> [What you have to do]: From the line containing "Le 11 mai 1947, lors du Bouquet" through the last line of the records below, output every line exactly, both ends included, except the pictures.

-------

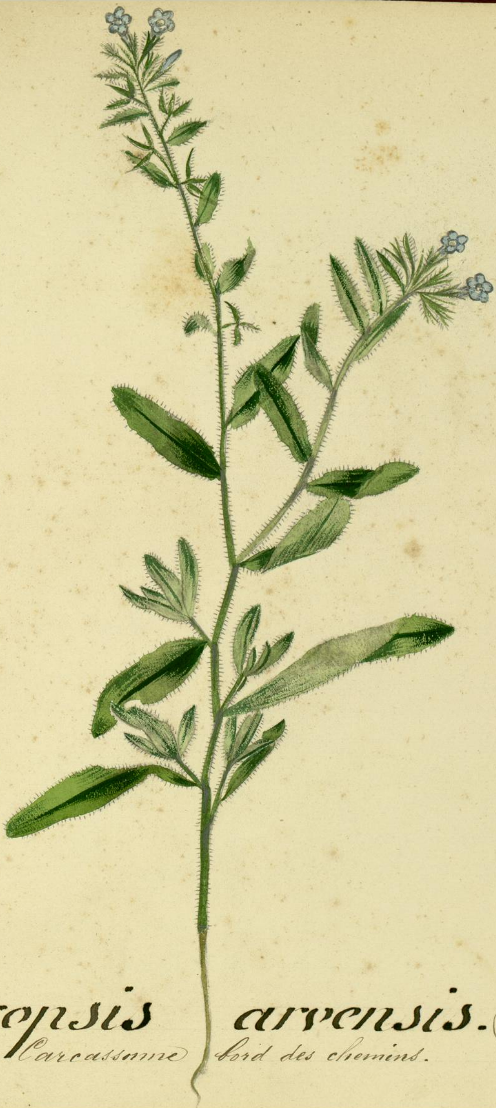
Lyceopsis arvensis. (Linné.) Carcassonne bord des chemins.
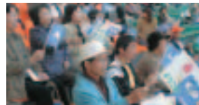
▲手作りの看板で選手を歓迎
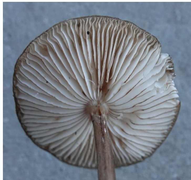
Oudemansiella radicata var. marginata (Konrad & Maublanc) M. Bon & Dennis Collybie radicante - Tricholomatales - Physalacriaceae
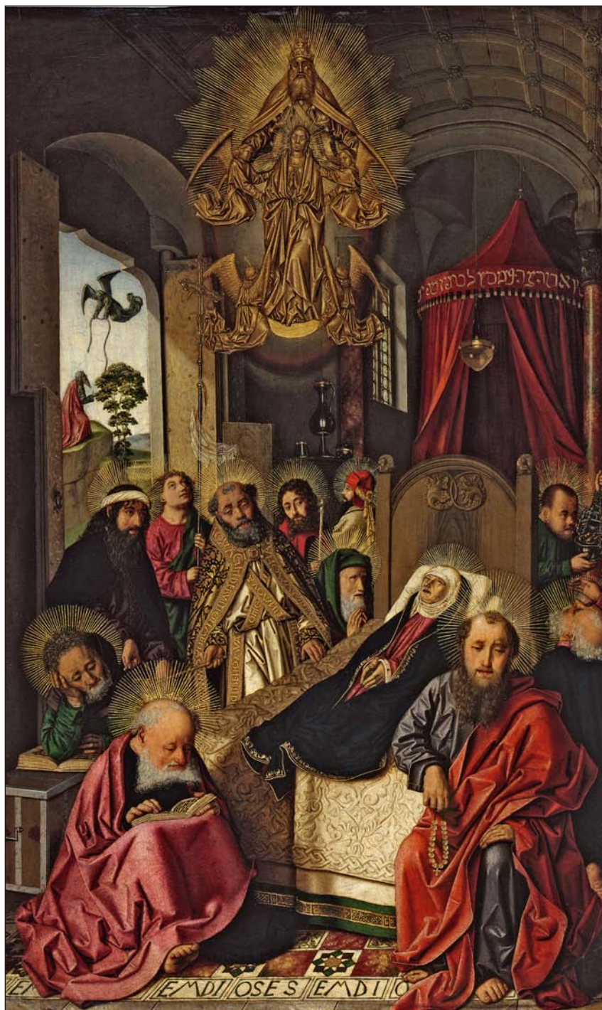
Muerte y Asunción de la Virgen. Staatliche Museen zu Berlin, Gemäldegalerie
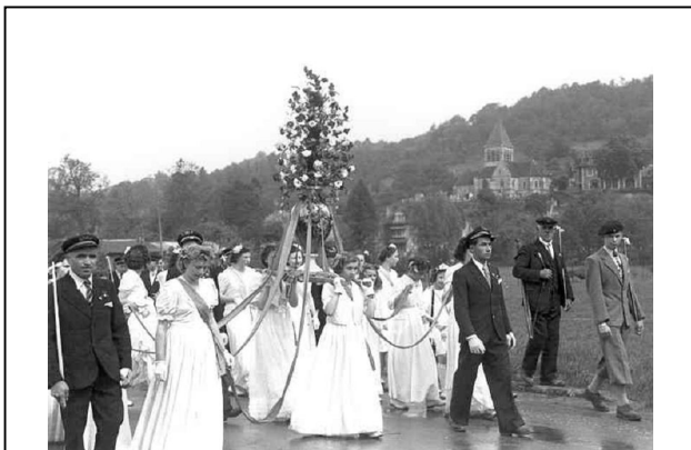
Le 11 mai 1947, lors du Bouquet

Depuis des siècles, regroupées au sein de « familles » et de « rondes » (unions régionales), les diverses compagnies d'arc organisent à tour de rôle, chaque printemps, une manifestation sportive et festive appelée « Bouquet provincial ».
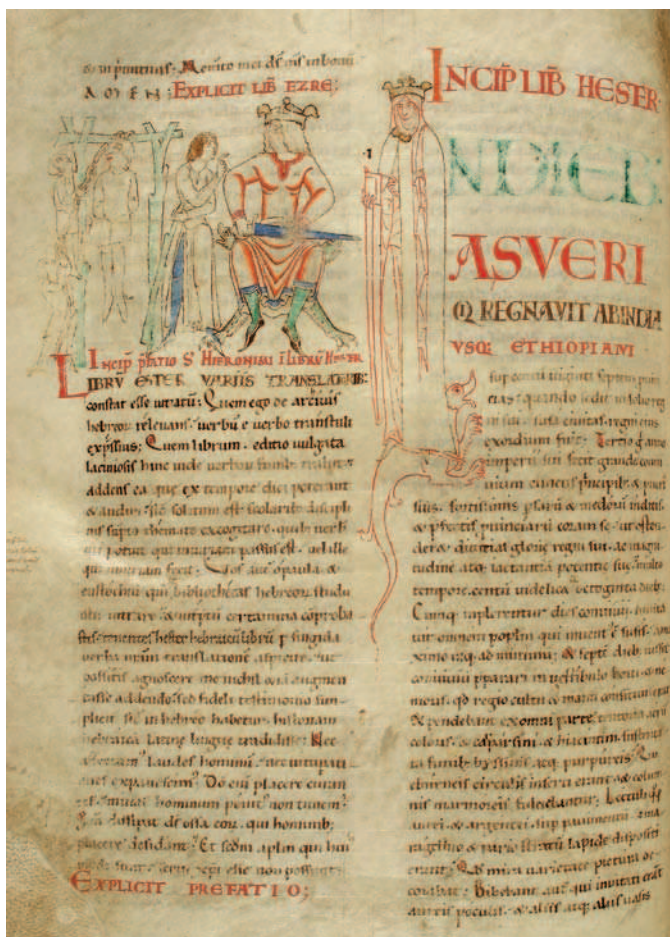
Fig. 1. Dijon, Bibliothèque Municipale, ms. 14, f. 122v

Come abbiamo già avuto modo di mostrare in altri studi sulla stessa immagine 13 , la miniatura della Bibbia di Cîteaux presenta diverse particolarità rispetto alle altre rappresentazioni medievali dello stesso episodio. In particolare, queste ultime raffigurano generalmente Ester in un atteggiamento di sottomissione al re, in modo da sottolinearne l'umiltà. Nella Bibbia di Stefano Harding, invece, il corpo della donna forma l'iniziale I ( In diebus ) della colonna destra del testo: dritta e imponente, Ester è dietro le spalle del re e osserva la scena trionfando su un drago. Anche l'immagine di Assuero presenta un particolare insolito: egli non tiene lo scettro, elemento chiave del racconto biblico presente in tutte le rappresentazioni medievali di questo re, ma una spada.

-------

> [Solution to the exercise]:
Le 11 mai 1947, lors du Bouquet

Depuis des siècles, regroupées au sein de « familles » et de « rondes » (unions régionales), les diverses compagnies d'arc organisent à tour de rôle, chaque printemps, une manifestation sportive et festive appelée « Bouquet provincial ».
Fig. 1. Dijon, Bibliothèque Municipale, ms. 14, f. 122v

Come abbiamo già avuto modo di mostrare in altri studi sulla stessa immagine 13 , la miniatura della Bibbia di Cîteaux presenta diverse particolarità rispetto alle altre rappresentazioni medievali dello stesso episodio. In particolare, queste ultime raffigurano generalmente Ester in un atteggiamento di sottomissione al re, in modo da sottolinearne l'umiltà. Nella Bibbia di Stefano Harding, invece, il corpo della donna forma l'iniziale I ( In diebus ) della colonna destra del testo: dritta e imponente, Ester è dietro le spalle del re e osserva la scena trionfando su un drago. Anche l'immagine di Assuero presenta un particolare insolito: egli non tiene lo scettro, elemento chiave del racconto biblico presente in tutte le rappresentazioni medievali di questo re, ma una spada.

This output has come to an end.